§ What you will do
Without the pictures, write out all the lines below exactly as they appear.

==== Data shown

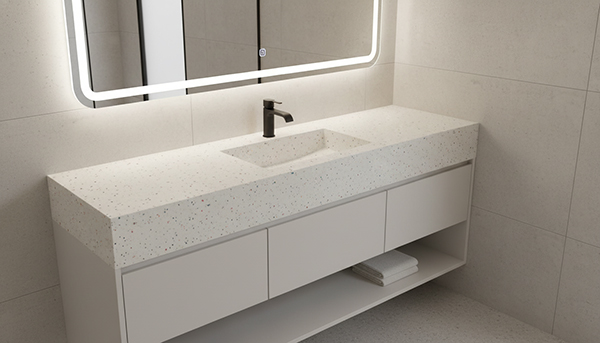 در سرویسهای بهداشتی و فضاهای بهداشتی نیز GR-163 انتخابی بینقص است. اجرای روشویی یکپارچه با این کورین، همراه با شیرآلات مشکی مات یا کروم، فضایی تمیز، روشن و مدرن خلق میکند. همچنین به دلیل طرح ظریف این کد، استفاده از لبههای ضخیم، اپنهای یکپارچه و طراحی آبشاری (Waterfall) بسیار چشمنواز خواهد بود. وجود نقاط رنگی ریز باعث میشود این کد بتواند با رنگهای پاستلی مانند سبز ملایم، آبی روشن یا صورتی کمرنگ نیز هماهنگ شود و فضایی نرم و آرام ایجاد کند. در مجموع، GR-163 یکی از آن کدهایی است که هم در فضاهای مدرن و مینیمال و هم در محیطهای خلاقانه و دوستانه میتواند بهترین عملکرد را داشته باشد.
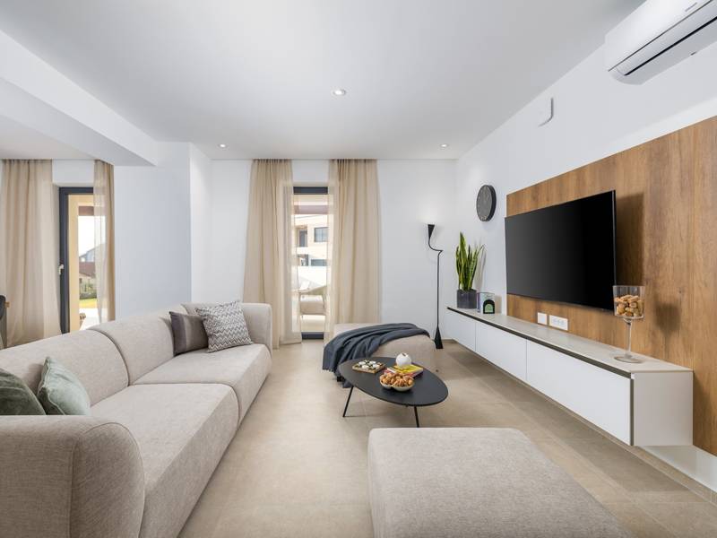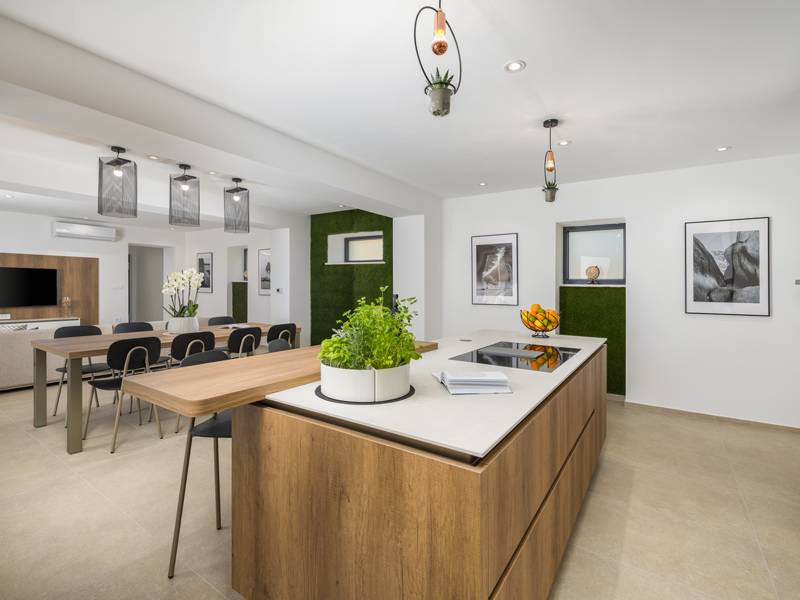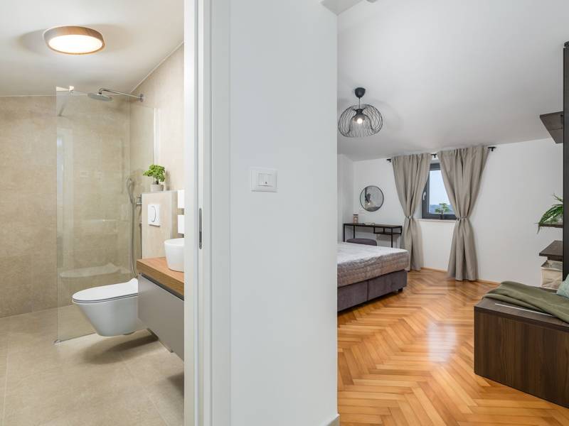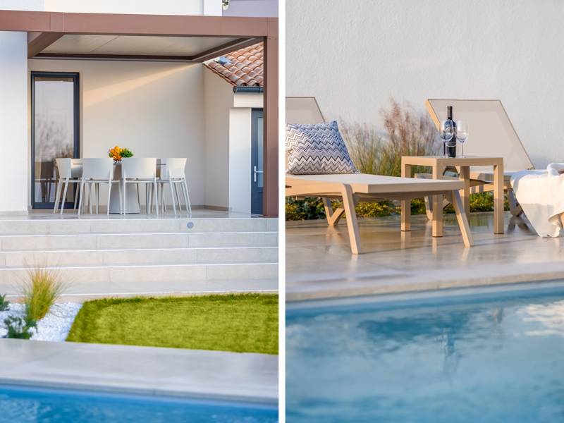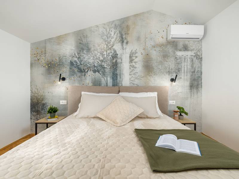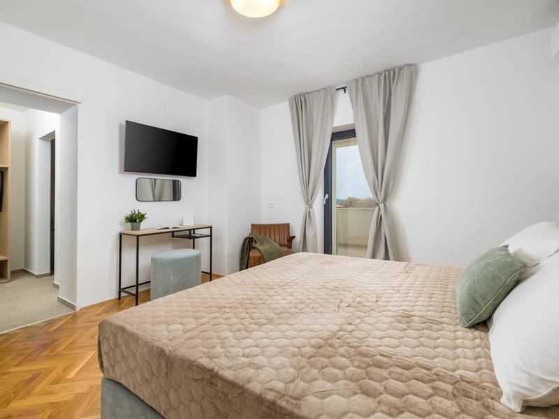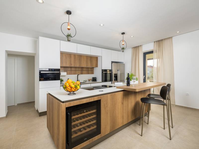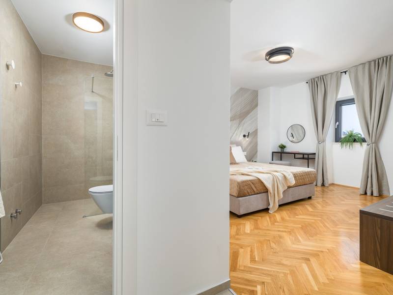 Welkom bij Villa Marija, een stijlvolle vakantievilla met een privézwembad gelegen in het hart van de levendige kustplaats Medulin. De villa heeft een perfecte ligging en biedt een zeldzame combinatie van privacy en comfort, terwijl stranden, restaurants, bars en winkels allemaal op loopafstand liggen. Als je droomt van een moderne villa dicht bij zee zonder de rust op te geven, dan is Villa Marija de ideale keuze. Deze elegante villa ligt op een privéperceel van 800 m2 en biedt 280 m2 prachtig ontworpen leefruimte en een prachtig privé overloopzwembad van 44 m2, perfect voor een verfrissende duik op warme zomerdagen of om te ontspannen onder de open hemel. Villa Marija is ontworpen met ontspanning in het achterhoofd en biedt comfortabel plaats aan maximaal 8 gasten. Het beschikt over vier ruime en smaakvol ingerichte slaapkamers, elk met een eigen badkamer, airconditioning, tv en muskietennetten. Twee van de slaapkamers hebben directe toegang tot een balkon, een heerlijke plek om te genieten van een kopje koffie in de ochtend of een briesje in de avond. Dit maakt de villa een uitstekende keuze voor gezinnen of groepen vrienden die op zoek zijn naar comfort dicht bij het strand en het bruisende lokale leven. De begane grond verwelkomt je met een lichte en stijlvolle woonkamer die verbonden is met een eetruimte en een volledig uitgeruste moderne keuken met een kookeiland. Vanaf hier stap je direct op een overdekt terras met een barbecue, ideaal voor ontspannen ontbijten, lange lunches of avondbijeenkomsten. Op deze verdieping is ook een gastentoilet en een wasruimte voor extra gemak. Op de eerste verdieping vind je twee elegante slaapkamers, elk met een kingsize bed, een eigen badkamer, airconditioning, tv en klamboes. De bovenste verdieping biedt nog twee slaapkamers met hetzelfde hoge niveau van comfort en privacy, zodat elke gast zich thuis voelt. De buitenruimte is ontworpen om echt mediterraan te genieten. Een ruim zonnedek met acht ligstoelen omringt het zwembad, terwijl de overdekte eethoek je uitnodigt om te genieten van maaltijden in de schaduw. Steek de gasbarbecue aan, ontspan bij het zwembad of geniet gewoon van de vredige omgeving. Voor een extra vleugje luxe is er een privésauna beschikbaar in een apart tuinhuis - perfect voor diepe ontspanning na een dag op het strand. Het pand biedt privéparkeergelegenheid voor maximaal vier voertuigen, maar als je eenmaal aankomt, heb je je auto misschien helemaal niet meer nodig. Alles wat Medulin te bieden heeft - stranden, winkels, restaurants en bars - ligt op slechts een korte loopafstand. Of je nu luiert bij het zwembad in je privéoase of de charmante kustsfeer van Medulin verkent, Villa Marija belooft een onvergetelijke vakantie-ervaring. LET OP: - Eén hond is toegestaan tegen een toeslag van €15 per dag. Een tweede hond is alleen mogelijk na voorafgaande aanvraag en bevestiging. - Een kinderstoel en babybedje zijn beschikbaar op aanvraag. - Jeugdgroepen worden alleen geaccepteerd na voorafgaande afspraak. Een jeugdgroep is een groep waarvan alle leden 26 jaar of jonger zijn. Als u een jeugdgroep bent, neem dan contact met ons op voordat u reserveert, aangezien boekingen na bevestiging kunnen worden geweigerd, ook bij aankomst of tijdens het verblijf, en er geen restitutie kan worden verleend. - Een schadeborg van €500 is vereist en zal volledig worden terugbetaald na vertrek, mits er geen schade is opgetreden.
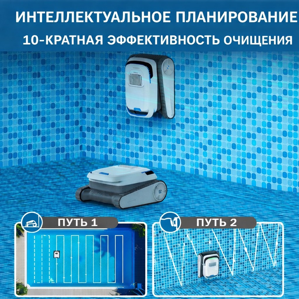 Современные сенсоры и алгоритмы движения обеспечивают зигзагообразную и дугообразную траекторию, позволяя роботу полностью охватывать всю поверхность бассейна, включая углы и труднодоступные зоны.
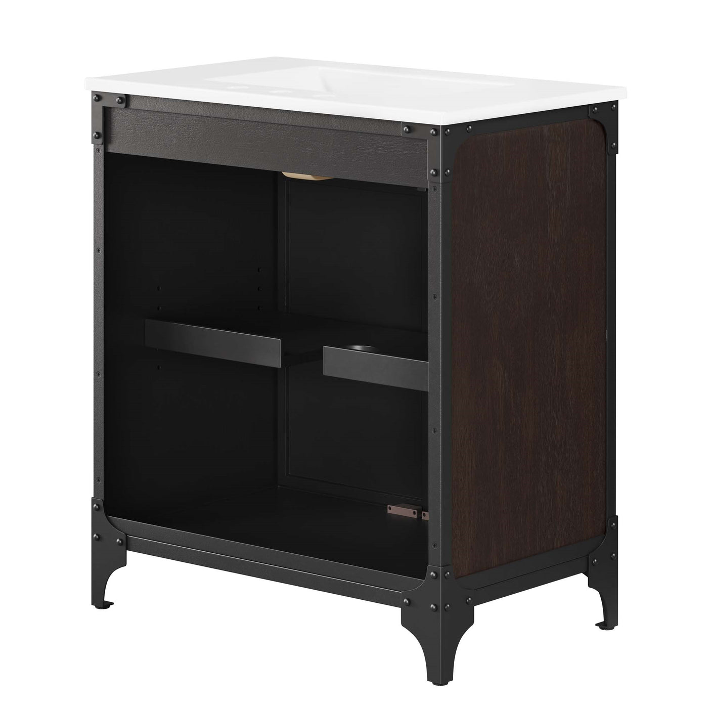 Experience the perfect blend of functionality and industrial modern style with the Steamforge 30 Bathroom Vanity. Crafted from sturdy metal with an antique patina and MDF with a beautiful wood grain veneer, this bathroom vanity cabinet brings a touch of utilitarian elegance to your bathroom decor. With pivot hinged double doors and spacious shelving complete with a plumbing cutout, this vanity provides ample storage space for all your bathroom essentials. The ceramic sink basin boasts an integrated countertop with 8 centerset holes, ready for your chosen fixtures (not included). With non-marking foot pads to protect your flooring, this bathroom vanity offers the ideal balance of design and practicality.Set Includes:One - Cayman 30 Bathroom SinkOne - Steamforge 30 Bathroom Vanity Cabinet

========

§ Exercise response
 در سرویسهای بهداشتی و فضاهای بهداشتی نیز GR-163 انتخابی بینقص است. اجرای روشویی یکپارچه با این کورین، همراه با شیرآلات مشکی مات یا کروم، فضایی تمیز، روشن و مدرن خلق میکند. همچنین به دلیل طرح ظریف این کد، استفاده از لبههای ضخیم، اپنهای یکپارچه و طراحی آبشاری (Waterfall) بسیار چشمنواز خواهد بود. وجود نقاط رنگی ریز باعث میشود این کد بتواند با رنگهای پاستلی مانند سبز ملایم، آبی روشن یا صورتی کمرنگ نیز هماهنگ شود و فضایی نرم و آرام ایجاد کند. در مجموع، GR-163 یکی از آن کدهایی است که هم در فضاهای مدرن و مینیمال و هم در محیطهای خلاقانه و دوستانه میتواند بهترین عملکرد را داشته باشد.
 Welkom bij Villa Marija, een stijlvolle vakantievilla met een privézwembad gelegen in het hart van de levendige kustplaats Medulin. De villa heeft een perfecte ligging en biedt een zeldzame combinatie van privacy en comfort, terwijl stranden, restaurants, bars en winkels allemaal op loopafstand liggen. Als je droomt van een moderne villa dicht bij zee zonder de rust op te geven, dan is Villa Marija de ideale keuze. Deze elegante villa ligt op een privéperceel van 800 m2 en biedt 280 m2 prachtig ontworpen leefruimte en een prachtig privé overloopzwembad van 44 m2, perfect voor een verfrissende duik op warme zomerdagen of om te ontspannen onder de open hemel. Villa Marija is ontworpen met ontspanning in het achterhoofd en biedt comfortabel plaats aan maximaal 8 gasten. Het beschikt over vier ruime en smaakvol ingerichte slaapkamers, elk met een eigen badkamer, airconditioning, tv en muskietennetten. Twee van de slaapkamers hebben directe toegang tot een balkon, een heerlijke plek om te genieten van een kopje koffie in de ochtend of een briesje in de avond. Dit maakt de villa een uitstekende keuze voor gezinnen of groepen vrienden die op zoek zijn naar comfort dicht bij het strand en het bruisende lokale leven. De begane grond verwelkomt je met een lichte en stijlvolle woonkamer die verbonden is met een eetruimte en een volledig uitgeruste moderne keuken met een kookeiland. Vanaf hier stap je direct op een overdekt terras met een barbecue, ideaal voor ontspannen ontbijten, lange lunches of avondbijeenkomsten. Op deze verdieping is ook een gastentoilet en een wasruimte voor extra gemak. Op de eerste verdieping vind je twee elegante slaapkamers, elk met een kingsize bed, een eigen badkamer, airconditioning, tv en klamboes. De bovenste verdieping biedt nog twee slaapkamers met hetzelfde hoge niveau van comfort en privacy, zodat elke gast zich thuis voelt. De buitenruimte is ontworpen om echt mediterraan te genieten. Een ruim zonnedek met acht ligstoelen omringt het zwembad, terwijl de overdekte eethoek je uitnodigt om te genieten van maaltijden in de schaduw. Steek de gasbarbecue aan, ontspan bij het zwembad of geniet gewoon van de vredige omgeving. Voor een extra vleugje luxe is er een privésauna beschikbaar in een apart tuinhuis - perfect voor diepe ontspanning na een dag op het strand. Het pand biedt privéparkeergelegenheid voor maximaal vier voertuigen, maar als je eenmaal aankomt, heb je je auto misschien helemaal niet meer nodig. Alles wat Medulin te bieden heeft - stranden, winkels, restaurants en bars - ligt op slechts een korte loopafstand. Of je nu luiert bij het zwembad in je privéoase of de charmante kustsfeer van Medulin verkent, Villa Marija belooft een onvergetelijke vakantie-ervaring. LET OP: - Eén hond is toegestaan tegen een toeslag van €15 per dag. Een tweede hond is alleen mogelijk na voorafgaande aanvraag en bevestiging. - Een kinderstoel en babybedje zijn beschikbaar op aanvraag. - Jeugdgroepen worden alleen geaccepteerd na voorafgaande afspraak. Een jeugdgroep is een groep waarvan alle leden 26 jaar of jonger zijn. Als u een jeugdgroep bent, neem dan contact met ons op voordat u reserveert, aangezien boekingen na bevestiging kunnen worden geweigerd, ook bij aankomst of tijdens het verblijf, en er geen restitutie kan worden verleend. - Een schadeborg van €500 is vereist en zal volledig worden terugbetaald na vertrek, mits er geen schade is opgetreden.
 Современные сенсоры и алгоритмы движения обеспечивают зигзагообразную и дугообразную траекторию, позволяя роботу полностью охватывать всю поверхность бассейна, включая углы и труднодоступные зоны.
 Experience the perfect blend of functionality and industrial modern style with the Steamforge 30 Bathroom Vanity. Crafted from sturdy metal with an antique patina and MDF with a beautiful wood grain veneer, this bathroom vanity cabinet brings a touch of utilitarian elegance to your bathroom decor. With pivot hinged double doors and spacious shelving complete with a plumbing cutout, this vanity provides ample storage space for all your bathroom essentials. The ceramic sink basin boasts an integrated countertop with 8 centerset holes, ready for your chosen fixtures (not included). With non-marking foot pads to protect your flooring, this bathroom vanity offers the ideal balance of design and practicality.Set Includes:One - Cayman 30 Bathroom SinkOne - Steamforge 30 Bathroom Vanity Cabinet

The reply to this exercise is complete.